New rules for the valuation and division of pension on marriage breakdown will come into effect on January 1, 2012.
The effective dates of other key changes like immediate vesting and the extension of "grow-in" benefits to members whose employment is terminated by the employer on or after July 1, 2012 other than for cause, are still unknown.
- Other Jurisdictions: Other provinces like
Manitoba, Prince Edward Island and Québec have also
introduced significant legislative changes. These changes are
relevant to pension plans which are registered in those provinces
or which have members located in those provinces.

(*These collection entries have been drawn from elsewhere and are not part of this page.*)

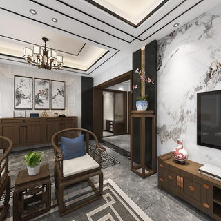别墅新中式客餐厅书房
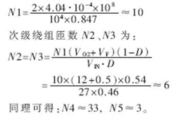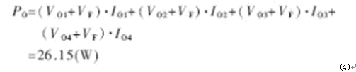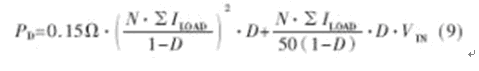 损耗功率PD主要取决于VI、多路输出最大负载电流之和ΣILOAD以及主功率线圈比N等,其近似计算公式如下:
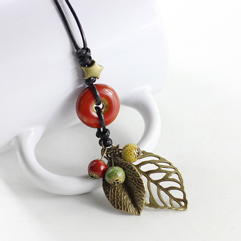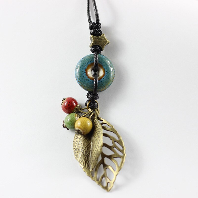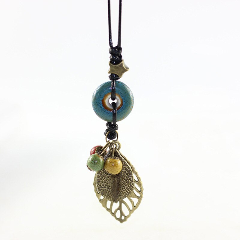 12 Pieces/Lot Round Star Ceramic Pendants Necklaces Hollow Leaf Long Weave Chain Pendant Statement Charm Choker Women Jewelry
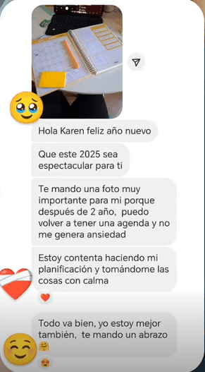 Hoy me abrazo como nunca antes, celebrando mis logros y mis pasos, con una Karen que ya no vive atrapada por el miedo, sino en calma y confianza🥹. Quiero que tú también llegues ahí. Este es tu momento.
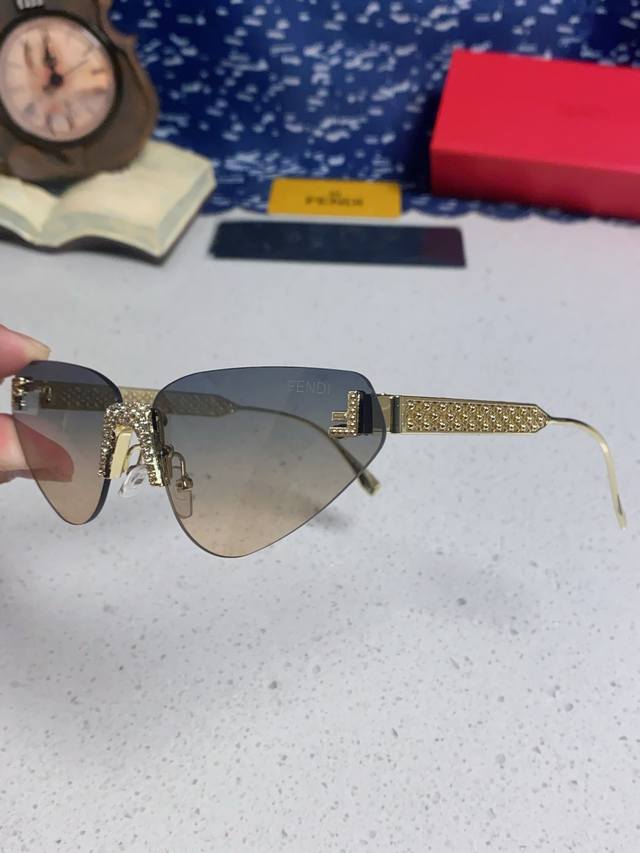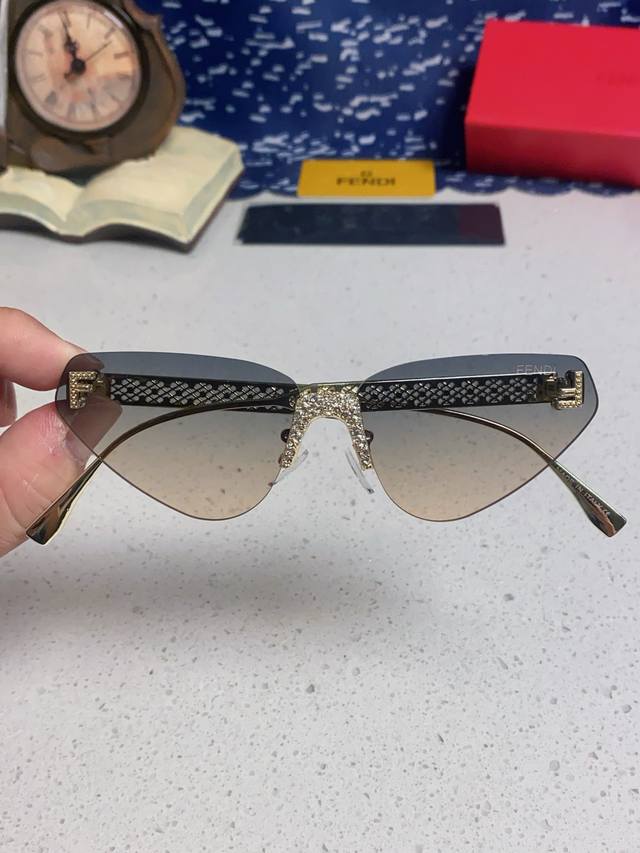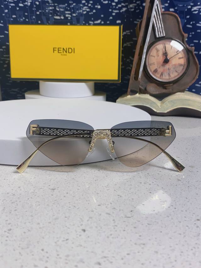 / Fendi 2025 New Letter F Rhinestone-Studded Frameless Cat-Eye Sunglasses Retro Eu
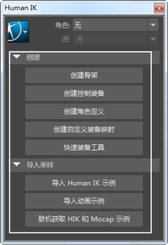 “创建”(Create)按钮,创建 HumanIK 骨架和有效的骨架定义。如果已有骨架,而该骨架需要定义,请选择

All of the pension reform legislative changes in Manitoba have come into force and plan amendments for compliance are required to be filed by the end of 2011, if required.
Prince Edward Island has introduced a comprehensive pension legislation which is modeled on the Nova Scotia pension legislation. This comprehensive legislation has not yet come into force.
In Québec, use of letters of credit to fund a portion of solvency deficiency is now permitted. A plan sponsor is now required to fund for a plan amendment that reduced the plan's solvency ratio to below 90%.
Alberta and British Columbia have undertaken an extensive review of their pension systems and it is expected that legislative changes will be made in the near future. New Brunswick has also set up a task force to examine its pension system but no legislative changes have yet been introduced.
WHAT DO THE PENSION REFORM LEGISLATIVE CHANGES MEAN TO YOUR ORGANIZATION?
- Review and Amend Plan Documents. The provisions of a pension plan are required to comply with the applicable pension legislation. Pension plan text and related documents (such as plan summary) need to be reviewed to determine whether amendments are required to reflect the legislative changes. This can be a complicated task since the effective dates of the legislative changes are not the same. Amendments can be complex if the pension plan has members in multiple jurisdictions.
- Change Procedures. Administrative rules, practices and procedures also need to be reviewed. Sometimes amendments to plan language may not be required to reflect legislative changes because of the broadness of the language. However details set out in the administrative rules may no longer meet the legal requirements. For example, a pension plan typically provides for credit splitting on marriage breakdown in compliance with the pension legislation. Another example is plan language which requires the administrator to provide such notices and statements to plan members as required by the pension legislation. Such plan provisions need not be amended but the legislative changes will affect how those provisions are actually administered.
- Review Investments. The removal of quantitative limits on pension fund investments results in more investment flexibility. In addition to the removal of quantitative limits on investment in real property and Canadian resources properties, the federal government has announced its plans to also change some other quantitative limits. A pension fund is required to be invested in accordance with both the pension legislation and its statement of investment policies and procedures (SIPP). If the SIPP contains the quantitative limit which has been removed by legislative change, the SIPP needs to be amended to remove the limit to permit the investment flexibility.
- Review Funding. There are significant changes to the funding rules in some jurisdictions. Some of them are already in force. It is desirable for a plan sponsor to review the funding status of its pension plan in light of the new funding rules. In particular, a plan sponsor may wish to consider whether the new funding rules (when in force) can be of assistance in overcoming issues faced by a pension plan under the old rules. For example, the permitted use of letters of credit to fund the solvency deficiency of a pension plan, coupled with simpler surplus withdrawal rules, will ease the "cash trapping" problem under the old rules where a plan sponsor is required to fund the solvency deficiency in cash.
The content of this article is intended to provide a general guide to the subject matter. Specialist advice should be sought about your specific circumstances.